Другой источник, относящийся к первой трети XVIII века, дает абсолютно сходную картину социальной дистрибуции «чистого» и «грязного»: в одной карете путешествует молодая женщина из квакерских кругов «во всей элегантности чистоты», белизна ее рук оттеняется опрятным темным платьем, и неряшливый знатный франт в спутанном засаленном парике и в старом сюртуке, плечи которого обсыпаны пудрой[303]. Противопоставление здесь идет сразу по нескольким линиям: пол, возраст, конфессия, социальная принадлежность и, наконец, как решающий пункт, аккуратность. Обратим внимание, что особенно ярко контраст между чистым и грязным выступает именно при сравнении: пока люди остаются в пределах своего социального круга, вряд ли можно ожидать резкого оценочного осуждения личных гигиенических привычек.
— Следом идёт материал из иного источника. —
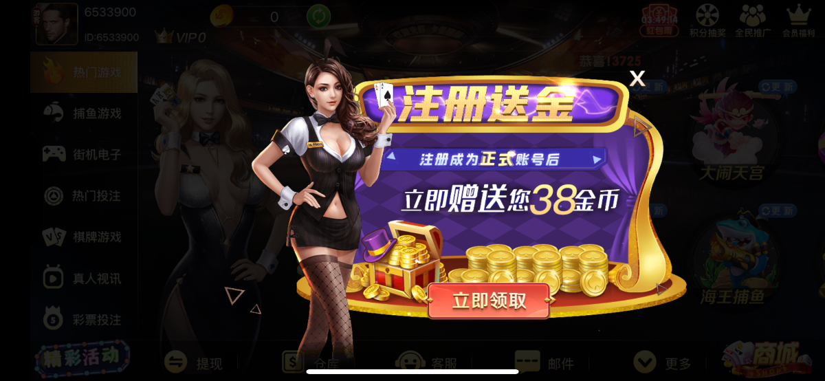 新用户注册绑定手机号秒送38,100提现,好像可以玩红包扫雷,其他游戏要50进场  禁止充值
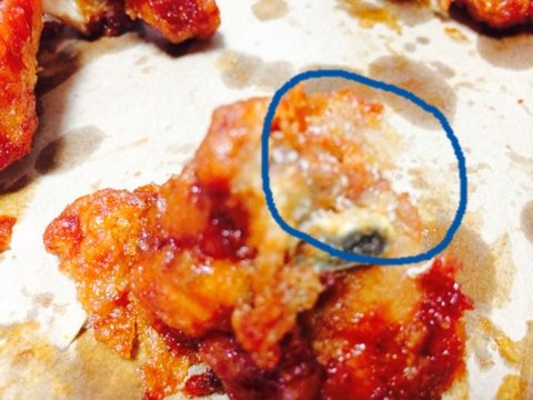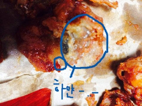 낮이라서 40분 걸린다길래 이해하고 기다렸고 40분후에 치킨 도착해서 맛있게 먹는데 어머니가 닭이 너무 딱딱하다고 바싹 비틀어졌다고 이거 좀 이상하다고 하는겁니다. 저도 원래 ㄱ*치킨 자주 시켜먹는데 원래 여기치킨이 그러니까 그냥 그러려니했는데 이게 뭡니까. 양념치킨 안 쪽에서 소금같은 하얀 결정체가 발견된 겁니다???!! 그런데 한 부분에서만 발견된게 아니라 여기저기 닭 부분마다 발견되는 겁니다. 무슨 양파까듯이 양념된 껍질 벗기면 소금같이 하얀 결정체가 보였습니다. 맛도 소금이고.

Другое дело, когда включается взгляд со стороны, и особенно обостряется ситуация, если этот взгляд принадлежит реформатору моды. Тогда чистое/грязное сразу принимает на себя повышенную семиотическую нагрузку.
Свой новаторский кодекс дендистского туалета Браммелл строил, в основном отталкиваясь от аристократической моды, поклонником которой был его монархический приятель. Проповедуя принципы безупречной гигиены, Браммелл пытался привить при дворе сугубобуржуазный и пуританский стиль суровой сдержанности в одежде и тщательного ухода за собственным телом. Поэтому в то время эпитет «грязный» в его устах служил презрительным клеймом для консервативной знати.
Интересно сравнить фигуру Браммелла в этом отношении с другим великим реформатором, Коко Шанель, во многом определившей лицо женской моды XX века. Шанель по своему социальному происхождению принадлежала к малообеспеченным буржуазным кругам. Благодаря личной незаурядности она быстро обзавелась друзьями среди аристократов: среди ее поклонников был Этьен Бальсан и англичанин Бой Кейпел; позднее за ней ухаживал герцог Вестминстерский.
Отношение к знатным дамам у Шанель, однако, было весьма презрительным. В мемуарной литературе зафиксированы повторяющиеся выпады Коко против «грязных» аристократок, которые весьма напоминают браммелловские инвективы против английских лордов. Она не стеснялась публично клеймить светских модниц «с птичьими перьями, в накладных волосах, с платьями, волочащимися по земле и собирающими грязь»[304]. Антипод знатных дам для Шанель – французские кокотки. Почему? «Я любила кокоток. Они были чистые»[305]. «Я вовсе не считала их, этих кокоток, такими безобразными. Я находила их очень красивыми в этих шляпах, более широких, чем плечи, с огромными глазами, ярким макияжем. Они были роскошны. Я восхищалась ими гораздо больше, чем светскими дамами. Они были чистыми и выхоленными; те, другие, были грязные»[306].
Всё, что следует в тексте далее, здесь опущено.